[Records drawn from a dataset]
[Start of section]

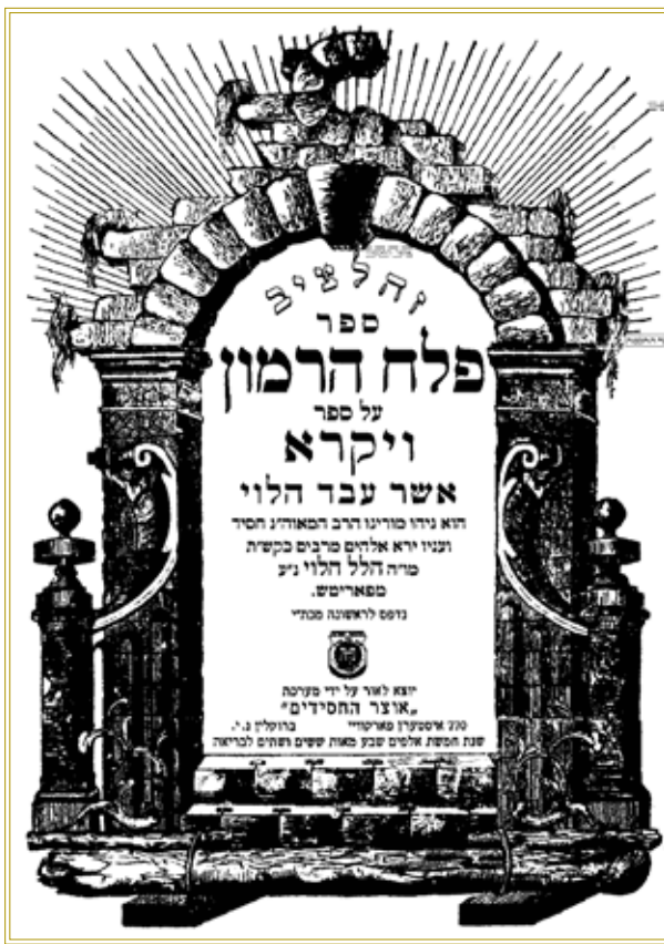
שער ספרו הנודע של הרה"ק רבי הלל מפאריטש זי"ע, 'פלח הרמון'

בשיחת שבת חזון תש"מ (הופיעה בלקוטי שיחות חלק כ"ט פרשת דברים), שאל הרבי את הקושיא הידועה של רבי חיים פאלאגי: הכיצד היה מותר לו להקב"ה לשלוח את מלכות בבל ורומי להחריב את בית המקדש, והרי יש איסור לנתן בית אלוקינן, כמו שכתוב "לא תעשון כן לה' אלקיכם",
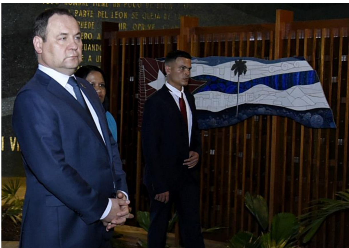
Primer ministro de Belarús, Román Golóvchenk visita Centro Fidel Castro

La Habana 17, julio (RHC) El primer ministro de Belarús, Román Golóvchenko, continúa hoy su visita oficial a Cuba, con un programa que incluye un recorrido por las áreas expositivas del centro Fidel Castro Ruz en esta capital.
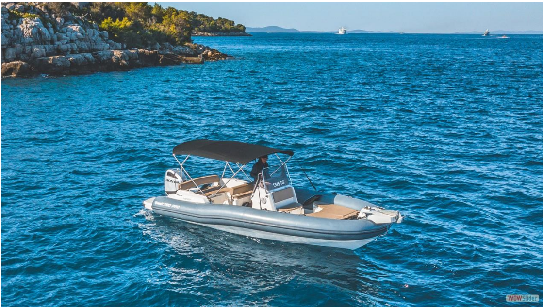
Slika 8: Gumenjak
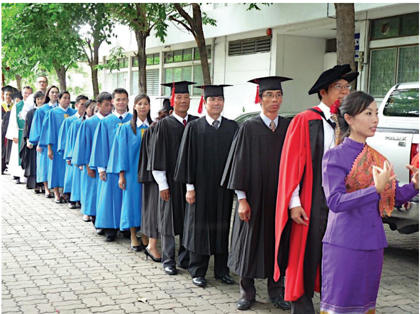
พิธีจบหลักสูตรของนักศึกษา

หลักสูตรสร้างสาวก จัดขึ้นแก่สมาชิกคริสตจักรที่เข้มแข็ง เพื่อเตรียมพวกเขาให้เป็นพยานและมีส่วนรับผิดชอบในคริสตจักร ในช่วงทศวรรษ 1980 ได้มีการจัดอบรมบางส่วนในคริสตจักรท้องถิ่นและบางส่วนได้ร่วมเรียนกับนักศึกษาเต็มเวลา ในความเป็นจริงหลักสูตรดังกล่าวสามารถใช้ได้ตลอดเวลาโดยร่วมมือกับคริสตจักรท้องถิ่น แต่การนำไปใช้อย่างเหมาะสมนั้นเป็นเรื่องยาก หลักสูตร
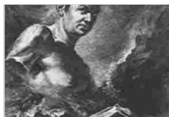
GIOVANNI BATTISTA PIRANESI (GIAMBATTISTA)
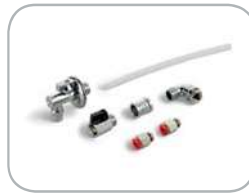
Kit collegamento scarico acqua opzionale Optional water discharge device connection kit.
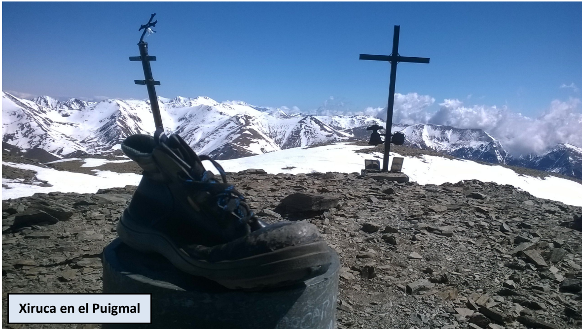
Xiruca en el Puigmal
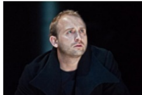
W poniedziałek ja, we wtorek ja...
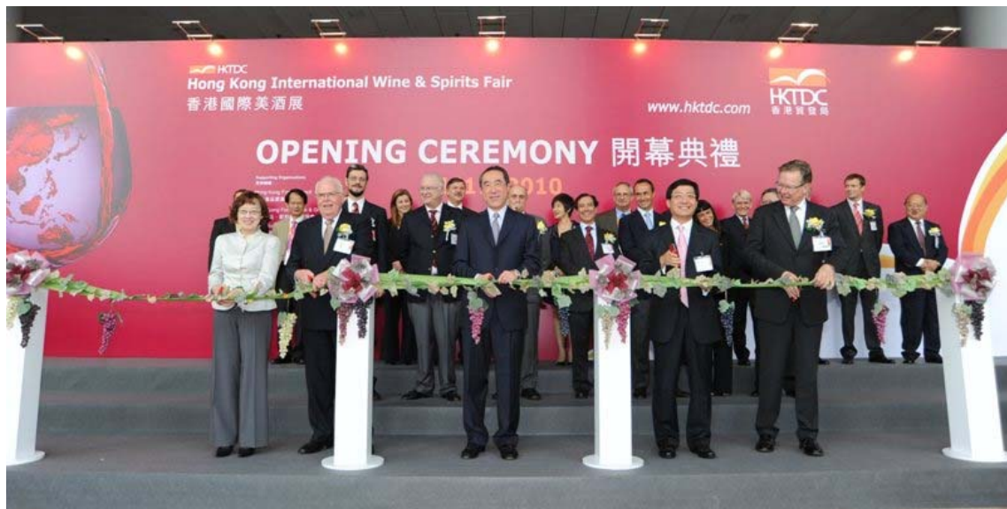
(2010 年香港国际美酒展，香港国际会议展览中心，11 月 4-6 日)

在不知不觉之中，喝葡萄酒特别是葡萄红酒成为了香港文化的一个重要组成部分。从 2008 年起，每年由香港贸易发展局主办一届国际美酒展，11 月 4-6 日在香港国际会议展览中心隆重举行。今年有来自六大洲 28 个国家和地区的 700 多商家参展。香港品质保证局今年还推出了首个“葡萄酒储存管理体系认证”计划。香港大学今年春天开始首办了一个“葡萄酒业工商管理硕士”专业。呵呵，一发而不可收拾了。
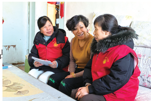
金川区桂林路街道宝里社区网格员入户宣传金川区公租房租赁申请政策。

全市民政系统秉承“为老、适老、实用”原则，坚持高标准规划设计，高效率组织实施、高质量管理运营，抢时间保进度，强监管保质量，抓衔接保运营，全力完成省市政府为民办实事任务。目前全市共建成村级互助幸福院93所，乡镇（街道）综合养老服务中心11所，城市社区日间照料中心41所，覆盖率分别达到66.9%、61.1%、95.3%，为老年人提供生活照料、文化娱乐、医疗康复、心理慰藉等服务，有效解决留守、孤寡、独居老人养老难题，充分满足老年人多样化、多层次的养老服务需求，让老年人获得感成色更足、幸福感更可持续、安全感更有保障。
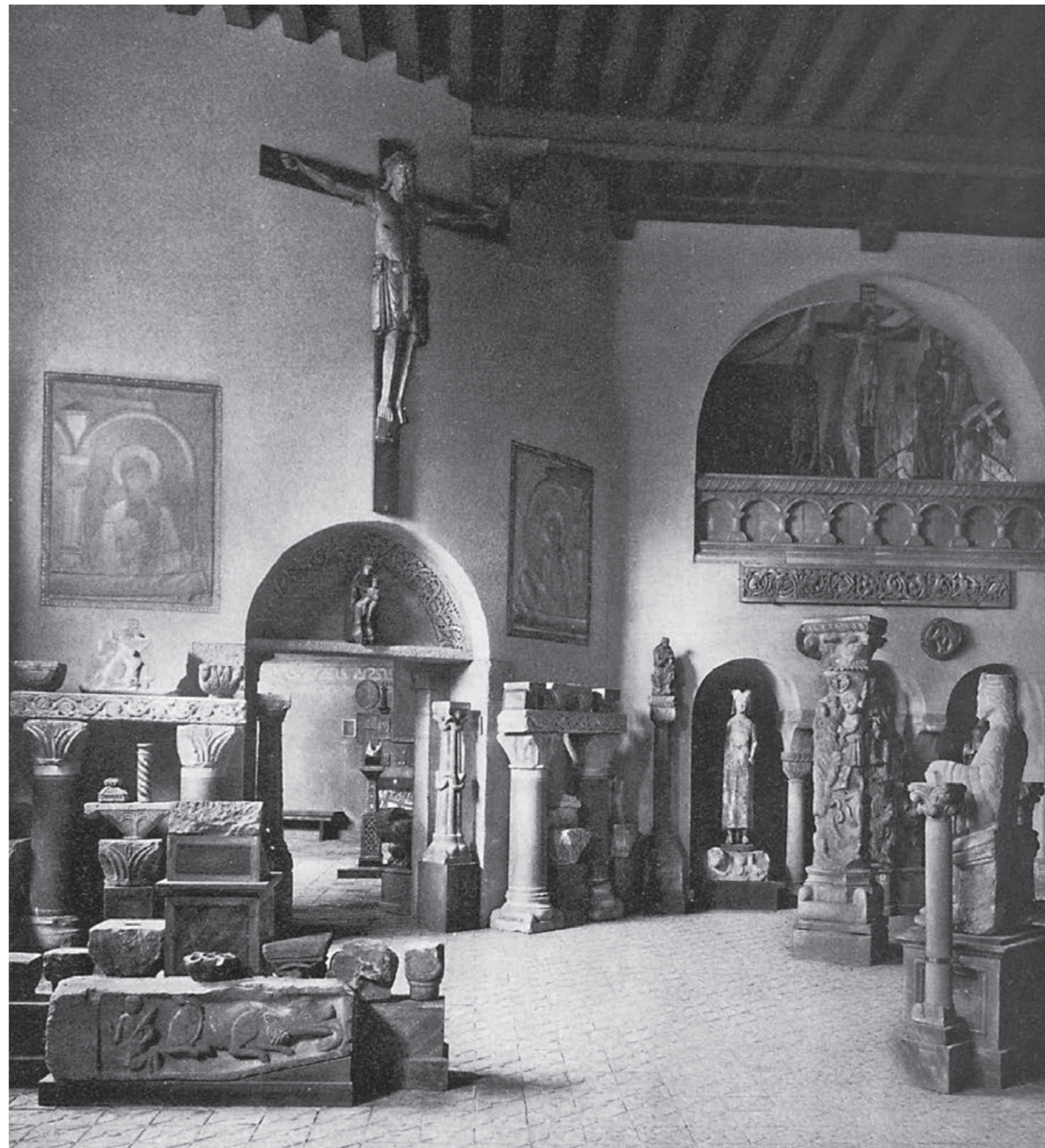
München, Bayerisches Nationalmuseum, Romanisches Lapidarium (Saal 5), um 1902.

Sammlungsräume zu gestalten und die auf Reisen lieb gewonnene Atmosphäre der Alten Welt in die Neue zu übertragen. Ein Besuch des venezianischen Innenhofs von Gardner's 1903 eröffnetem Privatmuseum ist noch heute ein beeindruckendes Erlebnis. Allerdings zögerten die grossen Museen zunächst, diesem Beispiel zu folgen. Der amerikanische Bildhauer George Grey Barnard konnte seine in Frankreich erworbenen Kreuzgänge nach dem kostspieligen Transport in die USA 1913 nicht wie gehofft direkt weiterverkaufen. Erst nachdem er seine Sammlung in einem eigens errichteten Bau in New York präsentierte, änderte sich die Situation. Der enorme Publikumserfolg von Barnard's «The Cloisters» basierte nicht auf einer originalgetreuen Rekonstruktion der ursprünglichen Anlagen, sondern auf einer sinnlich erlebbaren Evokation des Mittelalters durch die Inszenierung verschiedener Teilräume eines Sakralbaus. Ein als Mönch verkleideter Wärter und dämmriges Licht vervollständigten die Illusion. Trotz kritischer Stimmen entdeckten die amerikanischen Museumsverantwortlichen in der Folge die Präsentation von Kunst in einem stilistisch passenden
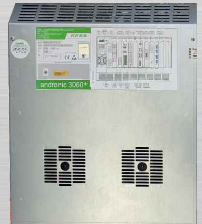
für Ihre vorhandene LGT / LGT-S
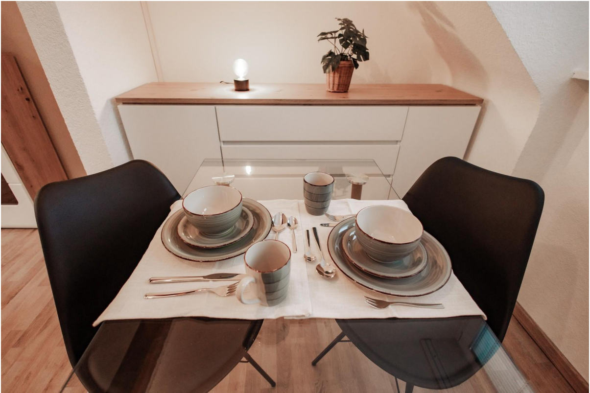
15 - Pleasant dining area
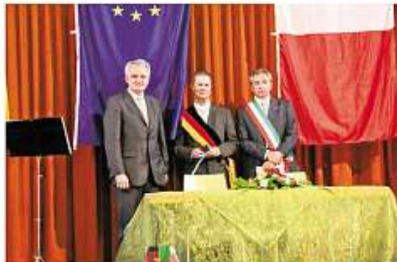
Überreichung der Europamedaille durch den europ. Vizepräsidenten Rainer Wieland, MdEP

[End of section]

### THE PROBLEM
I'd like every record transcribed exactly, with no pictures carried over.

### WRITTEN RESPONSE
שער ספרו הנודע של הרה"ק רבי הלל מפאריטש זי"ע, 'פלח הרמון'

בשיחת שבת חזון תש"מ (הופיעה בלקוטי שיחות חלק כ"ט פרשת דברים), שאל הרבי את הקושיא הידועה של רבי חיים פאלאגי: הכיצד היה מותר לו להקב"ה לשלוח את מלכות בבל ורומי להחריב את בית המקדש, והרי יש איסור לנתן בית אלוקינן, כמו שכתוב "לא תעשון כן לה' אלקיכם",
Primer ministro de Belarús, Román Golóvchenk visita Centro Fidel Castro

La Habana 17, julio (RHC) El primer ministro de Belarús, Román Golóvchenko, continúa hoy su visita oficial a Cuba, con un programa que incluye un recorrido por las áreas expositivas del centro Fidel Castro Ruz en esta capital.
Slika 8: Gumenjak
พิธีจบหลักสูตรของนักศึกษา

หลักสูตรสร้างสาวก จัดขึ้นแก่สมาชิกคริสตจักรที่เข้มแข็ง เพื่อเตรียมพวกเขาให้เป็นพยานและมีส่วนรับผิดชอบในคริสตจักร ในช่วงทศวรรษ 1980 ได้มีการจัดอบรมบางส่วนในคริสตจักรท้องถิ่นและบางส่วนได้ร่วมเรียนกับนักศึกษาเต็มเวลา ในความเป็นจริงหลักสูตรดังกล่าวสามารถใช้ได้ตลอดเวลาโดยร่วมมือกับคริสตจักรท้องถิ่น แต่การนำไปใช้อย่างเหมาะสมนั้นเป็นเรื่องยาก หลักสูตร
GIOVANNI BATTISTA PIRANESI (GIAMBATTISTA)
Kit collegamento scarico acqua opzionale Optional water discharge device connection kit.
Xiruca en el Puigmal
W poniedziałek ja, we wtorek ja...
(2010 年香港国际美酒展，香港国际会议展览中心，11 月 4-6 日)

在不知不觉之中，喝葡萄酒特别是葡萄红酒成为了香港文化的一个重要组成部分。从 2008 年起，每年由香港贸易发展局主办一届国际美酒展，11 月 4-6 日在香港国际会议展览中心隆重举行。今年有来自六大洲 28 个国家和地区的 700 多商家参展。香港品质保证局今年还推出了首个“葡萄酒储存管理体系认证”计划。香港大学今年春天开始首办了一个“葡萄酒业工商管理硕士”专业。呵呵，一发而不可收拾了。
金川区桂林路街道宝里社区网格员入户宣传金川区公租房租赁申请政策。

全市民政系统秉承“为老、适老、实用”原则，坚持高标准规划设计，高效率组织实施、高质量管理运营，抢时间保进度，强监管保质量，抓衔接保运营，全力完成省市政府为民办实事任务。目前全市共建成村级互助幸福院93所，乡镇（街道）综合养老服务中心11所，城市社区日间照料中心41所，覆盖率分别达到66.9%、61.1%、95.3%，为老年人提供生活照料、文化娱乐、医疗康复、心理慰藉等服务，有效解决留守、孤寡、独居老人养老难题，充分满足老年人多样化、多层次的养老服务需求，让老年人获得感成色更足、幸福感更可持续、安全感更有保障。
München, Bayerisches Nationalmuseum, Romanisches Lapidarium (Saal 5), um 1902.

Sammlungsräume zu gestalten und die auf Reisen lieb gewonnene Atmosphäre der Alten Welt in die Neue zu übertragen. Ein Besuch des venezianischen Innenhofs von Gardner's 1903 eröffnetem Privatmuseum ist noch heute ein beeindruckendes Erlebnis. Allerdings zögerten die grossen Museen zunächst, diesem Beispiel zu folgen. Der amerikanische Bildhauer George Grey Barnard konnte seine in Frankreich erworbenen Kreuzgänge nach dem kostspieligen Transport in die USA 1913 nicht wie gehofft direkt weiterverkaufen. Erst nachdem er seine Sammlung in einem eigens errichteten Bau in New York präsentierte, änderte sich die Situation. Der enorme Publikumserfolg von Barnard's «The Cloisters» basierte nicht auf einer originalgetreuen Rekonstruktion der ursprünglichen Anlagen, sondern auf einer sinnlich erlebbaren Evokation des Mittelalters durch die Inszenierung verschiedener Teilräume eines Sakralbaus. Ein als Mönch verkleideter Wärter und dämmriges Licht vervollständigten die Illusion. Trotz kritischer Stimmen entdeckten die amerikanischen Museumsverantwortlichen in der Folge die Präsentation von Kunst in einem stilistisch passenden
für Ihre vorhandene LGT / LGT-S
15 - Pleasant dining area
Überreichung der Europamedaille durch den europ. Vizepräsidenten Rainer Wieland, MdEP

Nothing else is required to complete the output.